Following up on the post I just made (brought to you by 1 Minute Edit Limit):
Ideas for ways to improve download size!
1. If a test is based on a real game, the full game distribution has many many assets that are not used in the benchmarks. On a per-game basis, figure out which assets can be excluded and just rm them. If the game freaks out because it can't find every asset it expects, find out how to bypass that. If it's open source, there's always a way; if it's closed source, you can give up if it seems that expecting certain resources is built-in to the game binaries with no bypass.

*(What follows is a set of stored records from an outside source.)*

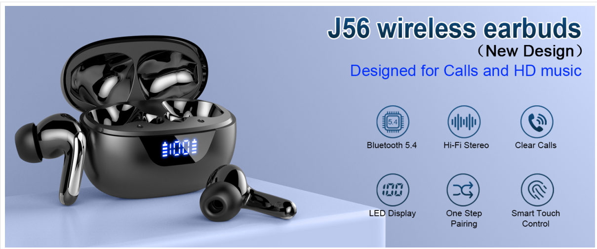
Image: Diagram illustrating Enhanced Bluetooth 5.4 technology with increased connection range, stable connection, and transfer speed.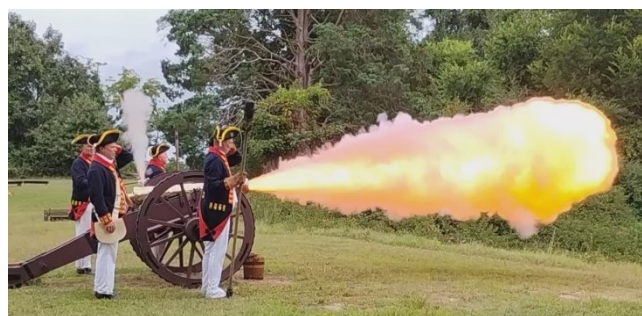
NPS volunteers firing a cannon.

Feel the boom of History! Volunteer members of the Royal Artillery and Lambs Artillery are conducting live artillery firings at the Yorktown Battlefield Visitor Center on select weekends. Witness the power, precision, and pageantry of Revolutionary War-era cannon firings—an unforgettable experience for visitors of all ages. Find the full schedule on our website and follow us on social media for updates.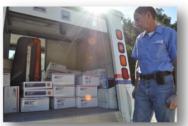
The boxes are ready to ship to overseas troops.

So he takes personal responsibility to see to it that the Bay Area chapter of Adopt-a-Chaplain has plenty of those unmentionables to send out in its care packages.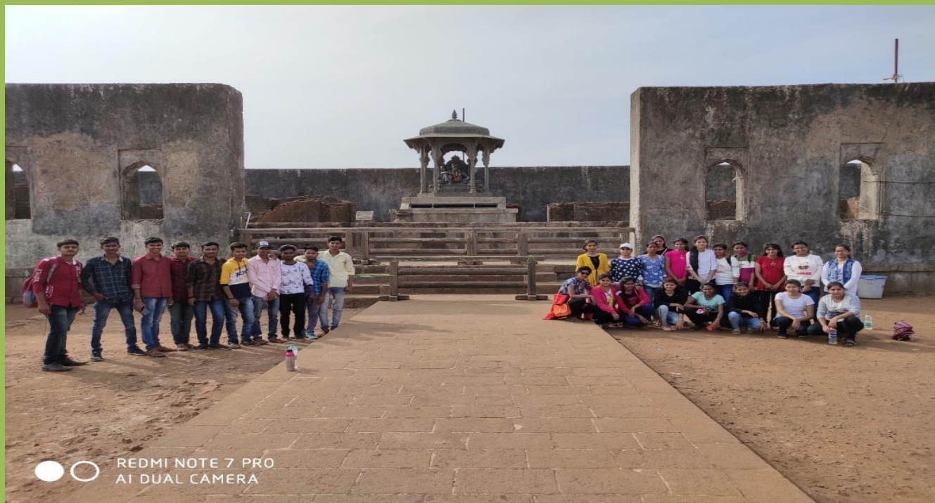
Academic Tour at Raigad fort which is situated in Mahad, Raigad district of Maharashtra

19 th December 2019 to 22 nd December 2019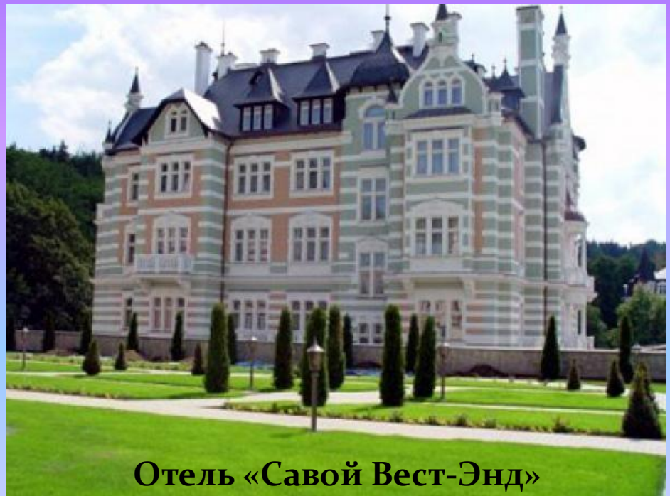
Отель «Савой Вест-Энд»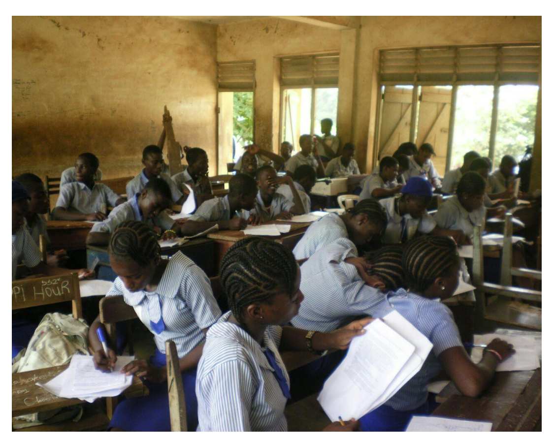
Administration of Instruments in Bashorun High School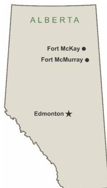
Figure 1. Map of Alberta showing the location of Fort McKay relative to Fort McMurray and Edmonton. Map by Jim Marin Graphics

Ratroot seeds were harvested from 3 naturally occurring wetlands within 200 km of Fort McKay (lat 57°11'12.3"N, long 111°38'12.3"W) in northeastern Alberta (Figure 1). The northernmost wetland was an outlet of Kears Lake, where plants grew in soil adjacent to a stream in which water levels fluctuate from season to season and year to year. The southernmost wet-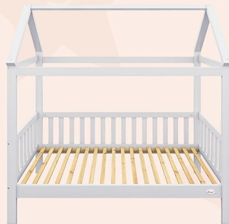
Geht auch ohne!

Image: The bed offers flexible fall protection, allowing installation on the left, right, or no fall protection for older children.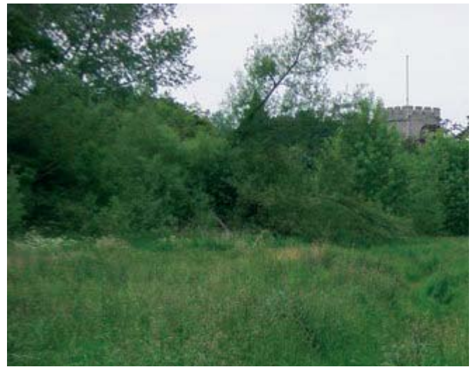
South Bucks Way looking towards to Chalfont St Giles Church.

© Copyright Shaun Ferguson and licensed for reuse under this Creative Commons Licence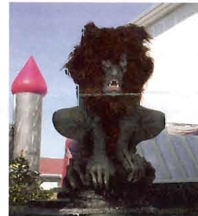
A gargoyle perches menacingly.

including two train sets, a train DVD set, and a Halloween quilt, were won by local people. Participants were busy all day with the craft tables, face painters, and snacks. Spring will bring another Family Fun Day with a Beach Theme, which is in the planning stages now. There is a very mysterious twist in the works. Look for more info in the new year!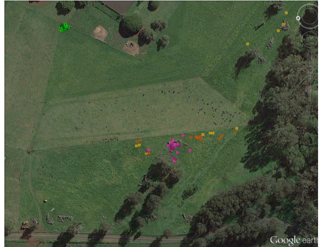
Figure 8. The spatial pattern of goats (dark and light green squares), and sheep (purple squares) that were not bonded to cattle (orange squares) plotted on a Google Earth image from the Haleakala Ranch, Maui, HI between 0800 and 0900 hours on April 24, 2014. Note the goats, bunched in the top left corner, remained separated from the other animals for the majority of the period as observed by the ranch manager.

The data downloaded from the GPS collars included latitude and longitude, providing animal locations on the landscape that were synched in time for both bonded and non-bonded groups. Square meters occupied by each of the two groups were recorded using the maximum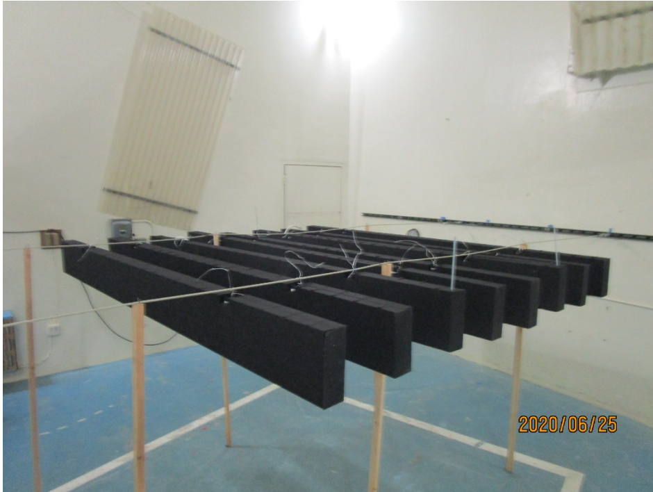
Figure 1 – Specimen mounted in test chamber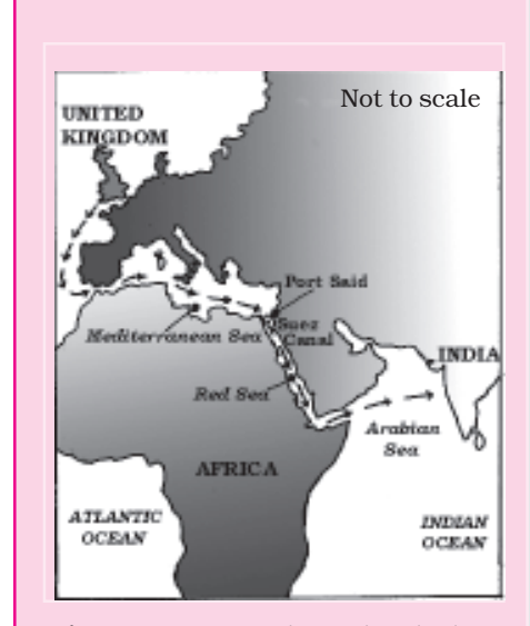
Fig.1.2 Suez Canal: Used as highway between India and Britain

Various details about the population of British India were first collected through a census in 1881. Though suffering from certain limitations, it revealed the unevenness in India's population growth. Subsequently,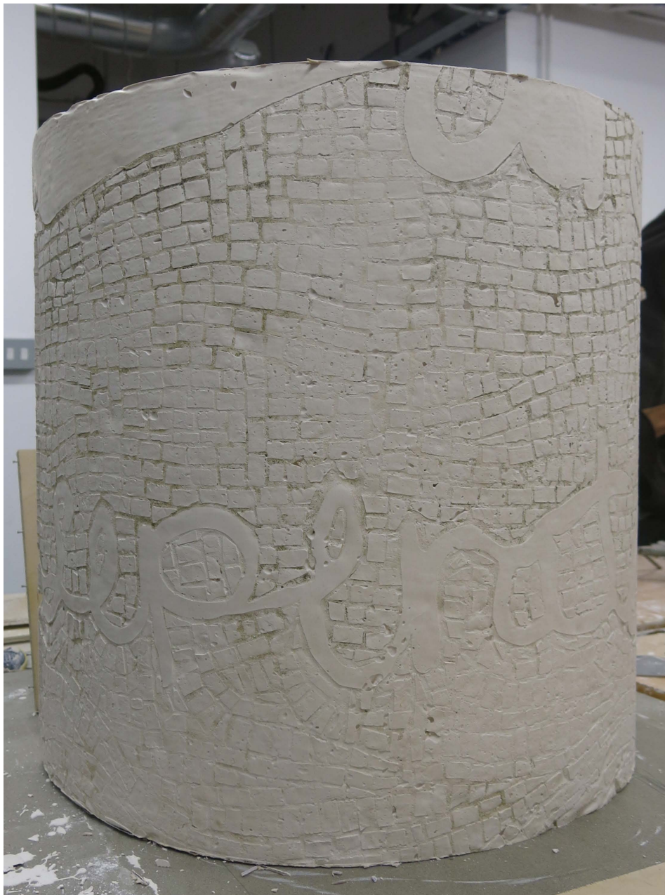
Casts 1:1 Earth Core columns designed for Erith reflecting the layers of earth and passing of time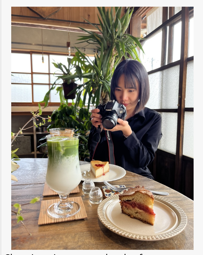
Shooting pictures at a local cafe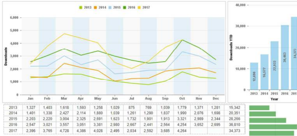
SEJ Growth in Downloads 2013-2016

The following report details the usage, CrossRef citations and authorship of SEJ. The report is limited to usage by customers. It therefore excludes search engine crawler usage, usage by Emerald staff, LOCKSS crawler usage and free usage.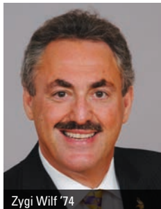
Zygi Wilf '74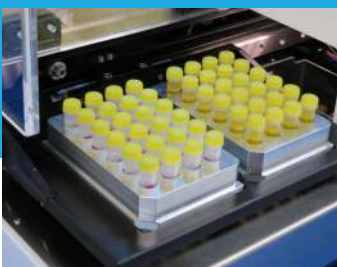
Deck plate holds 2 SBS racks or Scinomix can custom manufacture rack adapters to fit user's racks

At Scinomix, our mission is to provide walk-away time with innovative automation solutions. Scinomix is pleased to offer one of the most unique lines of automated labeling systems aiding in the advancement of pharmaceutical biotech and genomic research.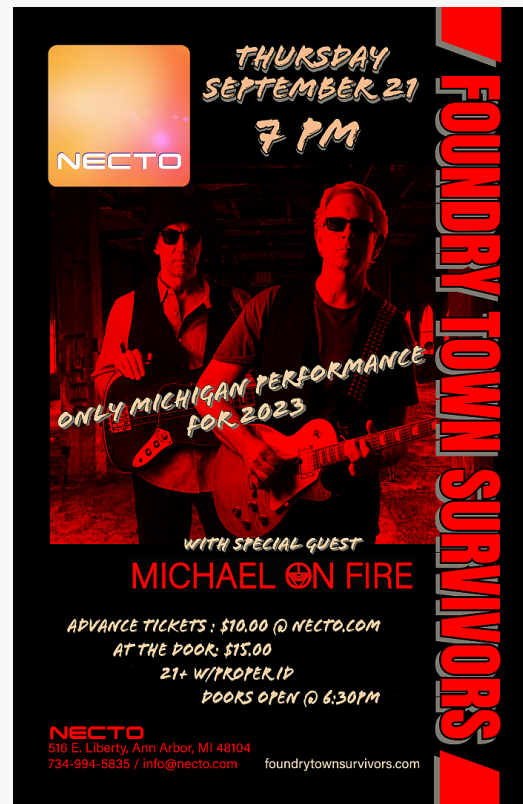
Live at the Necto

This press release can be viewed online at: https://www.einpresswire.com/article/638925702 Visit us on social media: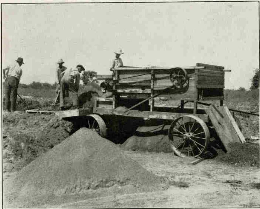
ROCKEFELLER'S COMPOST COMMUNUTOR

The outfit illustrated above was made out of an old thrashing machine which was purchased for $35. The Green Committee of Inverness got more in weight and volume for this particular $35 than it ever got for any other expenditure of double the amount of money. It certainly looked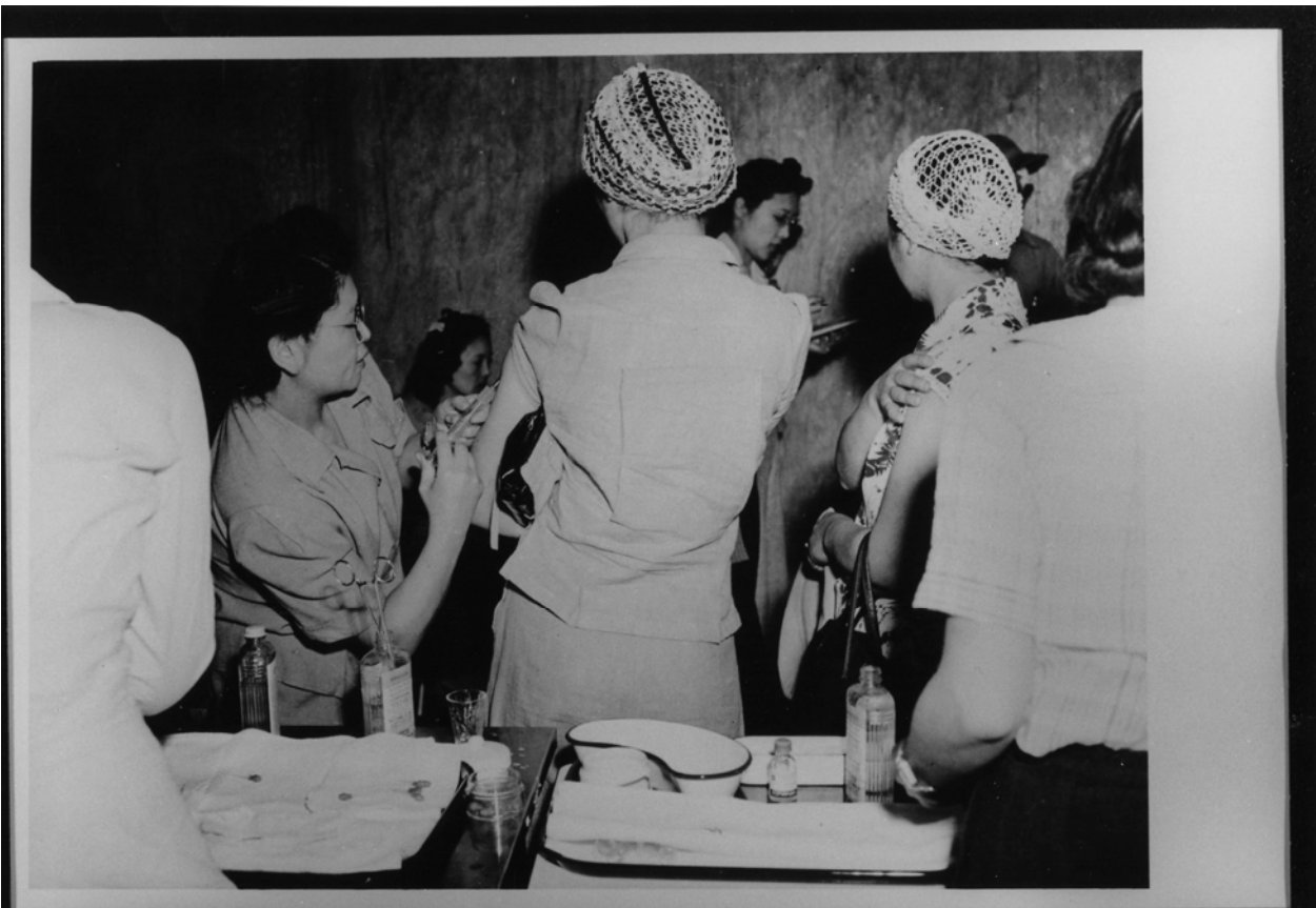
Immunizations at Manzanar, April 2, 1942.

2. For all tests (except maybe "untarring the Linux kernel"), switch compression over to LZMA2, using the .tar.xz file format. This codec has excellent compression ratio and very fast decompression time. The only drawback of LZMA2 is compression time, but that's a one-time constant cost at the time of writing the test, so you can be patient.
3. Strip out docs and help files from test source distributions. If compiling from source, you can (hopefully) use something equivalent to ./configure --disable-docs to conveniently tell it not to worry about docs. I guess the only doc you need to leave in is the license file, for legality's sake. But certain programs have megabytes of plaintext, html or xml based docs.
4. Make sure as many tests as possible (especially those in popular suites) use the same version of each program for any tests that use the same program. So you don't want to download foo-1.4.0.tar.xz in one test, then foo-1.4.1.tar.xz in the next test, especially when you can avoid this within a suite (since most users will run suites, not individual tests).
Also, while disk space isn't a concern on my desktop, it is on my laptop. It makes it much harder to do a graphics benchmark on my laptop when I have such space constraints and the tests are so huge (especially the ones that compile from source; all the intermediate objects plus the final build are quite massive).
If I had an uncapped connection, I would happily run tests on my desktop where space isn't an issue.
Maybe you can add a parameter to openbenchmarking.org letting users query tests by test download size?